Pochmurny: Ty chyba nawet nie rozumiesz o czym ja piszę i zarzucasz jakieś stwierdzenia. Nie bardzo łapię po co. Ani tym nie pokazujesz jakieś swojej wielkiej wiedzy czy też czegokolwiek sensownego.
Odpowiedzialność może znaczyć bardzo wiele, ale chyba każdy kto oglądał chłopaka jak i często resztę drużyny w paru spotkaniach, jest w stanie stwierdzić, że często ucieka od gry lub zwyczajnie nie wykazuje chęci dawania czegoś więcej jak bycie ścianą do odbijania piłki. Łapiesz? Tak, jestem absolutnie pewny, że facet nie bierze na siebie odpowiedzialności za grę zespołu podczas spotkań bo mam oczy i mnie gucio obchodzą jego przemyślenia duchowe czy rosterki emocjonalne. Jeśli ty uważasz inaczej to twoja sprawa. Może jesteś naiwny, a może lubisz się czepiać rzeczy których nie łapiesz. Jeśli to drugie to może lepiej się zapytać o rozwinięcie, a nie rzucać tonem wypowiedzi który jedynie może zirytować, a nie prowadzić do konwersacji.

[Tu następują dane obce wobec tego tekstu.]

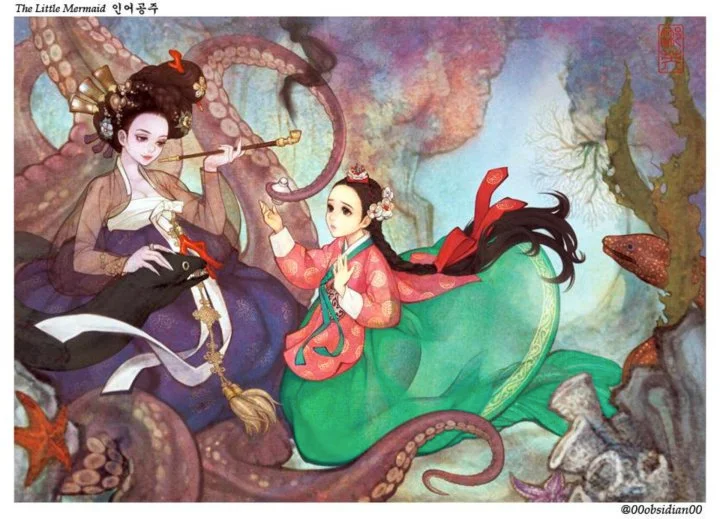 Korean artist Na Young Wu’s manga style illustrations of characters in Western folktales wearing hanbok (traditional Korean formal wear) made the rounds on the Internet this past weekend. All of the photos I came across were really low resolution. So I went on a search for the largest versions of each image. Luckily, I just so happen to speak Korean, so I was able to navigate through random sites and forums on Naver (South Korea’s answer to Google) to find many of these hi-res images. I’ve provided the largest resolution files I could find, and came across a few other illustrations from the artist that I didn’t see on other sites.

Co ma dać przykład wrzucenia innego piłkarza do drużyny? Walker gra w niej? Nie. To Bissaka jak i kilku innych gra tu od lat i nie widać aby ciągnęli ten wózek w jakikolwiek sposób. Takie chęci wykazują Bruno, Garnacho, Antony, czasem Dalot, może Harry czy Hojlund. Z różnymi skutkami, ale starają się być zawszę opcją dla kolegów lub angażują się w grę jak są tylko w stanie. Wszystko bardzo ładnie widać podczas spotkań i nie trzeba być blisko drużyny aby zdawać sobie sprawę kto robi coś więcej niż reszta bo powtórzę znowu - mamy oczy. Ci co nawet nie starają się walczyć z marazmem drużyny powinni być pierwsi do odstrzału. Czasami małe detale powodują zmiany, a czasem jest potrzebna apokalipsa. Bissaka nie daje poczucia, iż gdy idzie źle to będzie robił coś więcej niż te wślizgi. Jest jednowymiarowym graczem bez ikry, a takich mamy zbyt wielu od lat.